Dataset extract
------

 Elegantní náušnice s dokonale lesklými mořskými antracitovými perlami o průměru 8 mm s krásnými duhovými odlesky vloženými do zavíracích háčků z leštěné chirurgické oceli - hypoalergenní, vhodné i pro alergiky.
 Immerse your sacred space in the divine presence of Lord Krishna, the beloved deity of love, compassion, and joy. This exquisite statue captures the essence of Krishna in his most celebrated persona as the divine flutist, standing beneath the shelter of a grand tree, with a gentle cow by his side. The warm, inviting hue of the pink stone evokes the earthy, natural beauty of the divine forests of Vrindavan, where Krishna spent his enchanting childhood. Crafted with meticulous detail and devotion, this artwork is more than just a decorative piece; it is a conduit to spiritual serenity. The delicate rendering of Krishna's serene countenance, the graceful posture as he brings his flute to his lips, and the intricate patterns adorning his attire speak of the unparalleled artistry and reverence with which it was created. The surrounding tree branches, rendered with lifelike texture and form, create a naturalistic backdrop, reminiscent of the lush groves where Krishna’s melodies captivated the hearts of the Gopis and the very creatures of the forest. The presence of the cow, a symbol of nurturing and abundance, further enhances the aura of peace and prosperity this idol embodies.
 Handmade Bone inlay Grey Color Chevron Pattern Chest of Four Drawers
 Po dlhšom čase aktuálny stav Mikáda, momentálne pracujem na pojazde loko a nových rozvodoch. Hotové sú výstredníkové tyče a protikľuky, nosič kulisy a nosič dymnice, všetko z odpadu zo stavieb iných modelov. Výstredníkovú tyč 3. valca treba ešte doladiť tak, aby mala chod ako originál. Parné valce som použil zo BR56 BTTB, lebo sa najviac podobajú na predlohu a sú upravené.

------

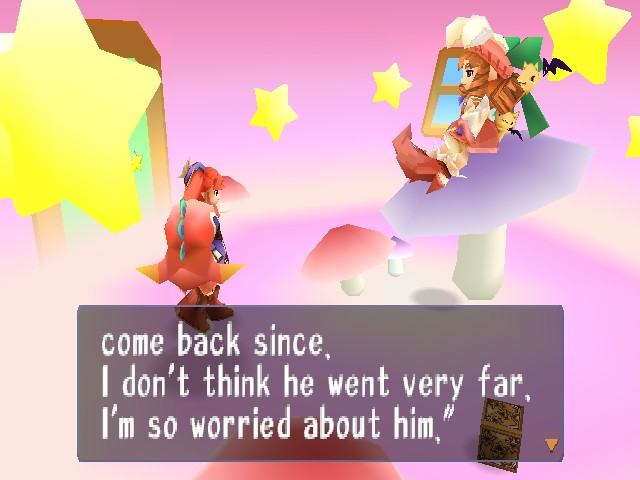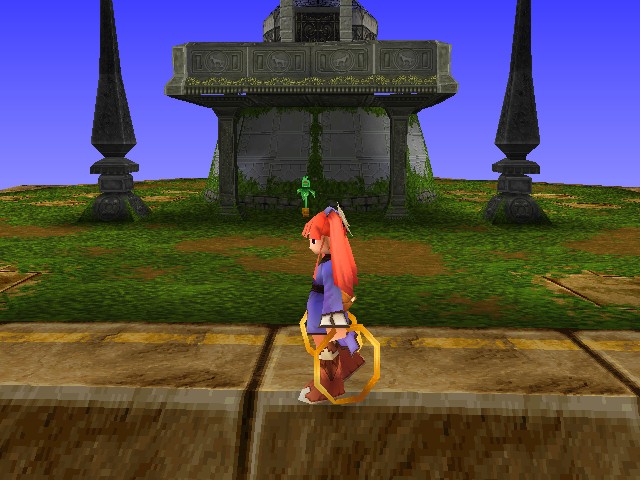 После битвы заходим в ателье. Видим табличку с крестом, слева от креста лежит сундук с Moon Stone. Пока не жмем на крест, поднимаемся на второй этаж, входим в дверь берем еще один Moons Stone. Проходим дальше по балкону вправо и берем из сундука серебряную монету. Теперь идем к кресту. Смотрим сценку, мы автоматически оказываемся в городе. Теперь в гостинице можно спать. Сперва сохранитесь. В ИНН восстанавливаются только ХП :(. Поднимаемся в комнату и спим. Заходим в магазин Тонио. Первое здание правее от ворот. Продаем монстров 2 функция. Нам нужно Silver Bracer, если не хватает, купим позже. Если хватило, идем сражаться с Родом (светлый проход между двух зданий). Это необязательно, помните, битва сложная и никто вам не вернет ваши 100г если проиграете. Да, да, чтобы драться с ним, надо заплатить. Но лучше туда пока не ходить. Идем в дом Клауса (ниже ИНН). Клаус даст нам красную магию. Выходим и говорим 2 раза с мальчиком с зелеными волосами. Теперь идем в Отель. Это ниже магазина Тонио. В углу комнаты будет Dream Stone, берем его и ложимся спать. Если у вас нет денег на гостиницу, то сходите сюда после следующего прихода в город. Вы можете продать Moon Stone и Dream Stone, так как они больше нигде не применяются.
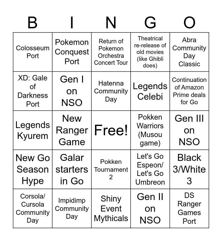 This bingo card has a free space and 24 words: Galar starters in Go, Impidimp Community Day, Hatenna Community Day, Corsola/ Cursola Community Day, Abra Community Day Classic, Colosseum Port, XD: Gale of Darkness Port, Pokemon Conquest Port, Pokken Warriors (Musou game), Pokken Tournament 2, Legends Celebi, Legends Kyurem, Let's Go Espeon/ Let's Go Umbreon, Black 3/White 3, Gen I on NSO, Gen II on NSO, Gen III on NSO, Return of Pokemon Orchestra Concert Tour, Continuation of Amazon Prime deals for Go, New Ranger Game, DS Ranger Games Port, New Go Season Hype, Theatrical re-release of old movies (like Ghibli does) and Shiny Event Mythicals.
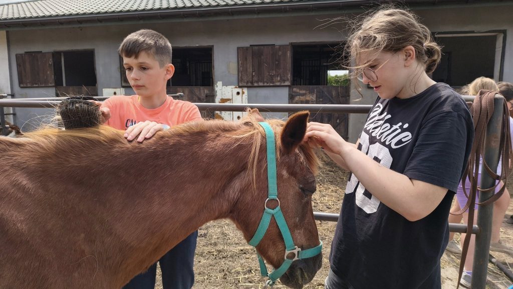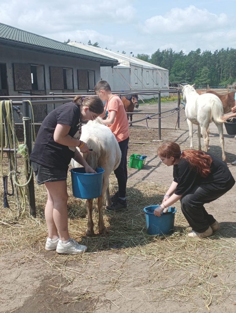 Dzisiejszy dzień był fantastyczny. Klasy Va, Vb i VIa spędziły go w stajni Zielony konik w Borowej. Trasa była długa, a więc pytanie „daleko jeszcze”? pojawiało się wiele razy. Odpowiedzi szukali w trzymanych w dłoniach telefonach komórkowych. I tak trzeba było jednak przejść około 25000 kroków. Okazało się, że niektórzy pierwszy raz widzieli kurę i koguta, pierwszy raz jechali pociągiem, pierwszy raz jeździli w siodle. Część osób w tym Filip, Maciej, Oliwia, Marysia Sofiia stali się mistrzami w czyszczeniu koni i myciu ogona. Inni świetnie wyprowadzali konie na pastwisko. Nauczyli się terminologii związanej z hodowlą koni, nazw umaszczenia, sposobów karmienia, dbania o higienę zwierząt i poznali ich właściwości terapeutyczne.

------

Instructions for the task
Repeat word for word the lines above that run from the line containing "Handmade Bone inlay" through the line containing "Po dlhšom čase", both ends included, and nothing else.

Answer section
 Handmade Bone inlay Grey Color Chevron Pattern Chest of Four Drawers
 Po dlhšom čase aktuálny stav Mikáda, momentálne pracujem na pojazde loko a nových rozvodoch. Hotové sú výstredníkové tyče a protikľuky, nosič kulisy a nosič dymnice, všetko z odpadu zo stavieb iných modelov. Výstredníkovú tyč 3. valca treba ešte doladiť tak, aby mala chod ako originál. Parné valce som použil zo BR56 BTTB, lebo sa najviac podobajú na predlohu a sú upravené.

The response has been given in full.